From the opening line of the records through the line bearing "[보도자료] 더불어민주당 선대위", set down every line exactly.

Records from a data source:
----

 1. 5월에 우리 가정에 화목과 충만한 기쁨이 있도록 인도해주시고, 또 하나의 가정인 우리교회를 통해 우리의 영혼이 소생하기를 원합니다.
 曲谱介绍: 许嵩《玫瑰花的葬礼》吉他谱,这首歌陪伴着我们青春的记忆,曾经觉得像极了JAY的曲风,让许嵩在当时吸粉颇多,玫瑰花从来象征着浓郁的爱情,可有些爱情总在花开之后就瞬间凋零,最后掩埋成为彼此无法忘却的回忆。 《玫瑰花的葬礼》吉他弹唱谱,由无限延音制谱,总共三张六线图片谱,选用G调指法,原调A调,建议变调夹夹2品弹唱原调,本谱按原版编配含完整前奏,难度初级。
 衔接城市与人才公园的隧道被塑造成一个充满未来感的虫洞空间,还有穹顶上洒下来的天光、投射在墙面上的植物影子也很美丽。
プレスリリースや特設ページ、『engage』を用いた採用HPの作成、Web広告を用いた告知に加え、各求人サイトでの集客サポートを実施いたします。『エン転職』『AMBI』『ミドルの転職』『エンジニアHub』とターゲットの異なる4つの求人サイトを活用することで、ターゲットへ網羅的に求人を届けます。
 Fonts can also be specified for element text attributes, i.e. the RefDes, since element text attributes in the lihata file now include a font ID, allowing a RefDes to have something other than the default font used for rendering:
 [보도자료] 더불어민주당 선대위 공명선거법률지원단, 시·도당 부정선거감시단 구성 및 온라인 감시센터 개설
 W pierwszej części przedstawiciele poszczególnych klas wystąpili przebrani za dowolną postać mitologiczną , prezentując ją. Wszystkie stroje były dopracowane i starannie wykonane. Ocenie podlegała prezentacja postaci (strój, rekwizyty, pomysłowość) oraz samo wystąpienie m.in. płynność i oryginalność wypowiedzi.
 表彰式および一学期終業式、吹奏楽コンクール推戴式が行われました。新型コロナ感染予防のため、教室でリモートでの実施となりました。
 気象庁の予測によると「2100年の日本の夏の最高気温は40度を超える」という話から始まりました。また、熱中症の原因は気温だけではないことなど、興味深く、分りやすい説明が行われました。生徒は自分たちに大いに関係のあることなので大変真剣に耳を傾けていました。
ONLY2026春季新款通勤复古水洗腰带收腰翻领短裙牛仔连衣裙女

----

● **Exercise response**:
 1. 5월에 우리 가정에 화목과 충만한 기쁨이 있도록 인도해주시고, 또 하나의 가정인 우리교회를 통해 우리의 영혼이 소생하기를 원합니다.
 曲谱介绍: 许嵩《玫瑰花的葬礼》吉他谱,这首歌陪伴着我们青春的记忆,曾经觉得像极了JAY的曲风,让许嵩在当时吸粉颇多,玫瑰花从来象征着浓郁的爱情,可有些爱情总在花开之后就瞬间凋零,最后掩埋成为彼此无法忘却的回忆。 《玫瑰花的葬礼》吉他弹唱谱,由无限延音制谱,总共三张六线图片谱,选用G调指法,原调A调,建议变调夹夹2品弹唱原调,本谱按原版编配含完整前奏,难度初级。
 衔接城市与人才公园的隧道被塑造成一个充满未来感的虫洞空间,还有穹顶上洒下来的天光、投射在墙面上的植物影子也很美丽。
プレスリリースや特設ページ、『engage』を用いた採用HPの作成、Web広告を用いた告知に加え、各求人サイトでの集客サポートを実施いたします。『エン転職』『AMBI』『ミドルの転職』『エンジニアHub』とターゲットの異なる4つの求人サイトを活用することで、ターゲットへ網羅的に求人を届けます。
 Fonts can also be specified for element text attributes, i.e. the RefDes, since element text attributes in the lihata file now include a font ID, allowing a RefDes to have something other than the default font used for rendering:
 [보도자료] 더불어민주당 선대위 공명선거법률지원단, 시·도당 부정선거감시단 구성 및 온라인 감시센터 개설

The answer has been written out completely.